[What is expected]: Please set down the data again exactly, minus the pictures.

### Data extract

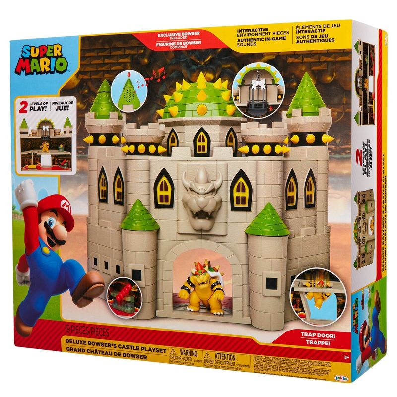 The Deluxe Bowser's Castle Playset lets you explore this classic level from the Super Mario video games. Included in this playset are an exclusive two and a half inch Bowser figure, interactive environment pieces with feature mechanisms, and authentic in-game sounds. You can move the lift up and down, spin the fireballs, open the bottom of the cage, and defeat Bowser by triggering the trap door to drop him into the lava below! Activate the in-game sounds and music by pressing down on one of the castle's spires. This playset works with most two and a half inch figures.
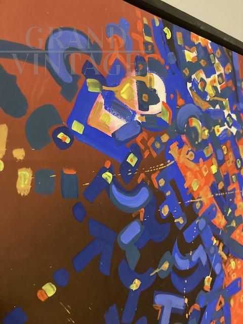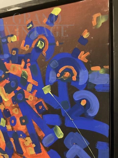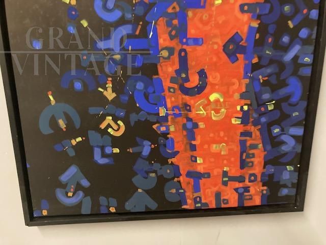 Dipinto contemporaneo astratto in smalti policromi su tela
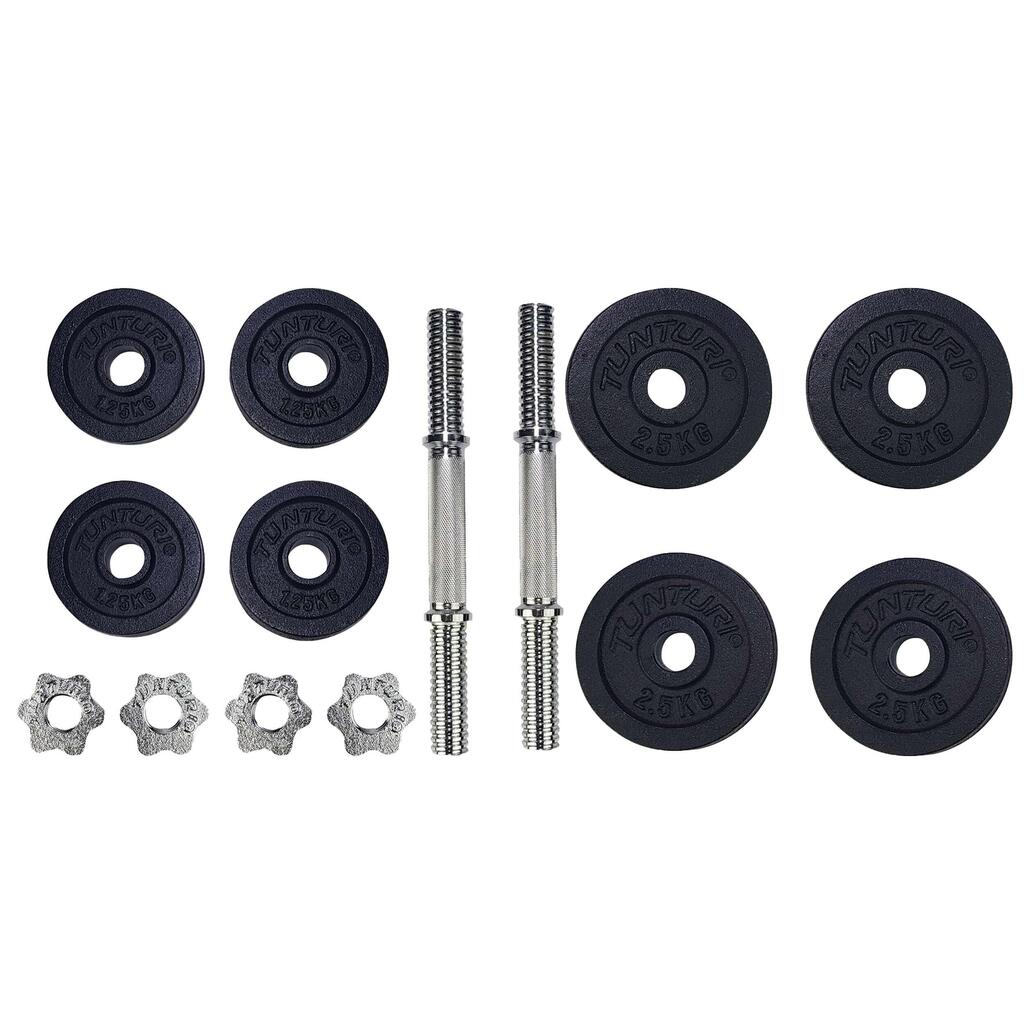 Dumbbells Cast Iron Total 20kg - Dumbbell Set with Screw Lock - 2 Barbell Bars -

######

[Solution to this exercise]:
 The Deluxe Bowser's Castle Playset lets you explore this classic level from the Super Mario video games. Included in this playset are an exclusive two and a half inch Bowser figure, interactive environment pieces with feature mechanisms, and authentic in-game sounds. You can move the lift up and down, spin the fireballs, open the bottom of the cage, and defeat Bowser by triggering the trap door to drop him into the lava below! Activate the in-game sounds and music by pressing down on one of the castle's spires. This playset works with most two and a half inch figures.
 Dipinto contemporaneo astratto in smalti policromi su tela
 Dumbbells Cast Iron Total 20kg - Dumbbell Set with Screw Lock - 2 Barbell Bars -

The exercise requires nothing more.